GIVEN ENTRIES below:
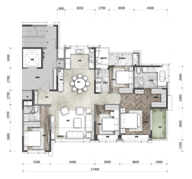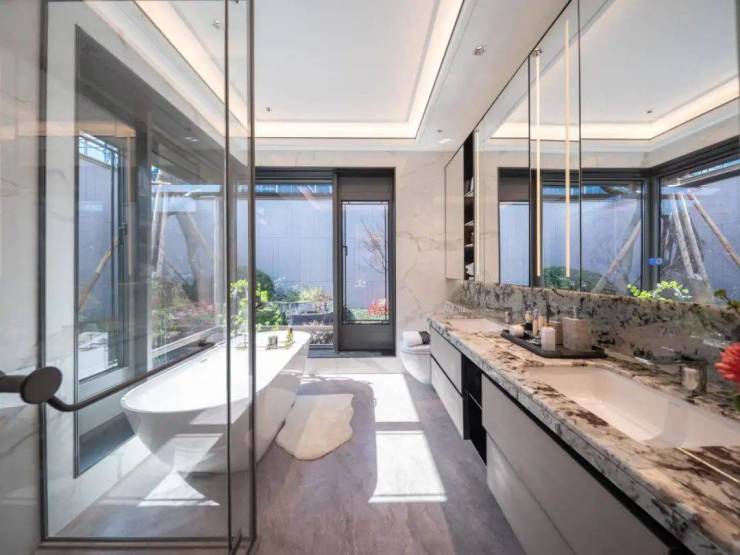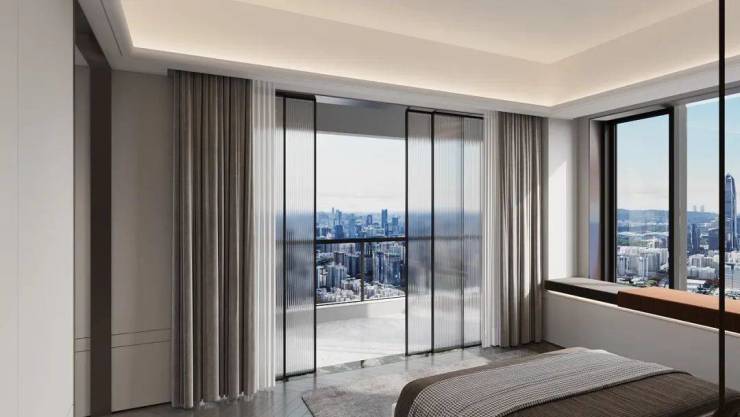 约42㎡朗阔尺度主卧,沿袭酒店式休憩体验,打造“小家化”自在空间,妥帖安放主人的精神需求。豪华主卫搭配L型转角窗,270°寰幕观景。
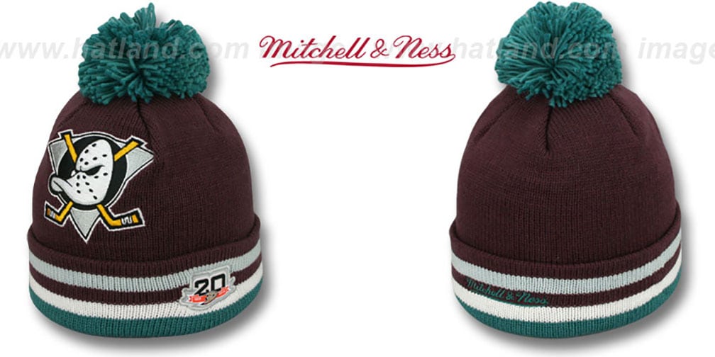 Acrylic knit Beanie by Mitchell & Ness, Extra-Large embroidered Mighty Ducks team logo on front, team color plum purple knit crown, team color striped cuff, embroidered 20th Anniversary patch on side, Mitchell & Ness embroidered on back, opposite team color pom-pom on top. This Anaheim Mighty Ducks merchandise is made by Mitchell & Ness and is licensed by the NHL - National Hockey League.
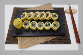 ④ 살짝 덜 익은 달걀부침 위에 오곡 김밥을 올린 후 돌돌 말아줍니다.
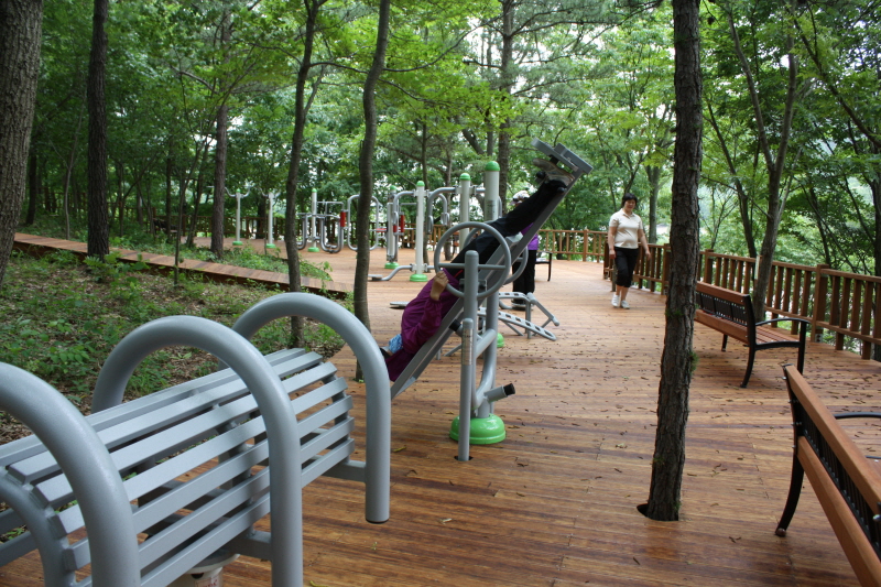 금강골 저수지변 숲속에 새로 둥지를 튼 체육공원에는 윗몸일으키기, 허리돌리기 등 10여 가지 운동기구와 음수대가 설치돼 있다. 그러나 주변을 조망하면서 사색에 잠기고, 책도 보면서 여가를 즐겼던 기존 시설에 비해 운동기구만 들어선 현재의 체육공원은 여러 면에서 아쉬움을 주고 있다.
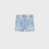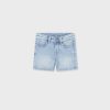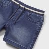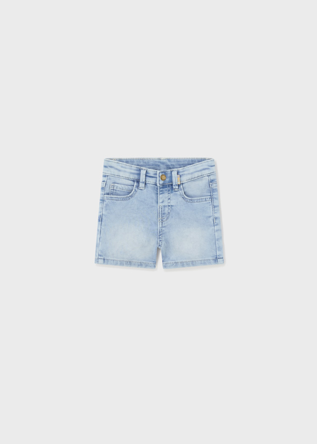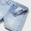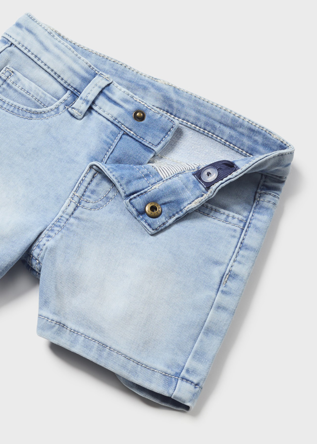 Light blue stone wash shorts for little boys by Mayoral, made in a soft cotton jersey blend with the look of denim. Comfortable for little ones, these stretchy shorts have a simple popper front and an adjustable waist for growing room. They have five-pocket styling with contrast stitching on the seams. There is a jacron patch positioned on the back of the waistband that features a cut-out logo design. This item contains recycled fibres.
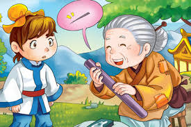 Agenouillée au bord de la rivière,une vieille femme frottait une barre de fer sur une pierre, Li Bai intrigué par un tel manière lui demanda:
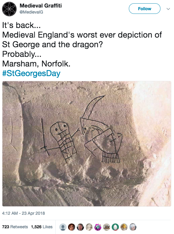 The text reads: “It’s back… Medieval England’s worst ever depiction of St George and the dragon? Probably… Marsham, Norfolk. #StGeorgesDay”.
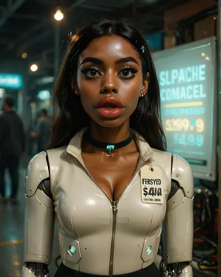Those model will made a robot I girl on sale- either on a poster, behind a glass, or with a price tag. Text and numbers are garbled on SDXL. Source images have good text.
End of GIVEN ENTRIES.
GIVEN ENTRIES below:
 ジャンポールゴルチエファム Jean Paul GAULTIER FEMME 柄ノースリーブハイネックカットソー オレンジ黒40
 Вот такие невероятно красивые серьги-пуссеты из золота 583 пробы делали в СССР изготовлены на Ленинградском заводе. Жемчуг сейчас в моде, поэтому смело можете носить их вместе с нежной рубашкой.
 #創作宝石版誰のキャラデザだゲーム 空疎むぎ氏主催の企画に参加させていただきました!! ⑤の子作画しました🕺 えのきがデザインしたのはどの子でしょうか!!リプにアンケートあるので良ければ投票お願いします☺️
End of GIVEN ENTRIES.
GIVEN ENTRIES below:
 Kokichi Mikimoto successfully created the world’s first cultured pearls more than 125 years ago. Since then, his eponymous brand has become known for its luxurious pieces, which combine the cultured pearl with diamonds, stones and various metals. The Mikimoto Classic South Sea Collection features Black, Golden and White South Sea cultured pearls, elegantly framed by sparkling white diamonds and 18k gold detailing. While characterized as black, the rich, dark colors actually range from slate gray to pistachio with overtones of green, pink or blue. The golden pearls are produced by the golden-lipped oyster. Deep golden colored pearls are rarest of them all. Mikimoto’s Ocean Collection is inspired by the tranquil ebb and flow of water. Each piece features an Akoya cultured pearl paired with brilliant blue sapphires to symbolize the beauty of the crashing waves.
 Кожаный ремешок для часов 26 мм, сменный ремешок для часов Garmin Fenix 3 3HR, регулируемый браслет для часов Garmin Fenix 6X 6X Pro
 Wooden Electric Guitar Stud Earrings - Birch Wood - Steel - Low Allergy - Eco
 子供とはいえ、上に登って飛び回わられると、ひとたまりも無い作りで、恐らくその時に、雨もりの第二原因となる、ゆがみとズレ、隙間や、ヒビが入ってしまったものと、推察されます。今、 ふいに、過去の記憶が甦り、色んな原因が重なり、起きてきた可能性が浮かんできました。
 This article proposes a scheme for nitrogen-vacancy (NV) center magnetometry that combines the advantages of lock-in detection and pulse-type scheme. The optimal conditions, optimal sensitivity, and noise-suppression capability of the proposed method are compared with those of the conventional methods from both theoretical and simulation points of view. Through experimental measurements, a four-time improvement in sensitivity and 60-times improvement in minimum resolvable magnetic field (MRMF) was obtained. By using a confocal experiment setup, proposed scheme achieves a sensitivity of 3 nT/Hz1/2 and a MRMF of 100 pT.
End of GIVEN ENTRIES.
BRIEF => Write down exactly the span of lines above from the one containing "Кожаный ремешок для" to the one containing "This article proposes", both ends included.

WRITTEN SOLUTION =>
 Кожаный ремешок для часов 26 мм, сменный ремешок для часов Garmin Fenix 3 3HR, регулируемый браслет для часов Garmin Fenix 6X 6X Pro
 Wooden Electric Guitar Stud Earrings - Birch Wood - Steel - Low Allergy - Eco
 子供とはいえ、上に登って飛び回わられると、ひとたまりも無い作りで、恐らくその時に、雨もりの第二原因となる、ゆがみとズレ、隙間や、ヒビが入ってしまったものと、推察されます。今、 ふいに、過去の記憶が甦り、色んな原因が重なり、起きてきた可能性が浮かんできました。
 This article proposes a scheme for nitrogen-vacancy (NV) center magnetometry that combines the advantages of lock-in detection and pulse-type scheme. The optimal conditions, optimal sensitivity, and noise-suppression capability of the proposed method are compared with those of the conventional methods from both theoretical and simulation points of view. Through experimental measurements, a four-time improvement in sensitivity and 60-times improvement in minimum resolvable magnetic field (MRMF) was obtained. By using a confocal experiment setup, proposed scheme achieves a sensitivity of 3 nT/Hz1/2 and a MRMF of 100 pT.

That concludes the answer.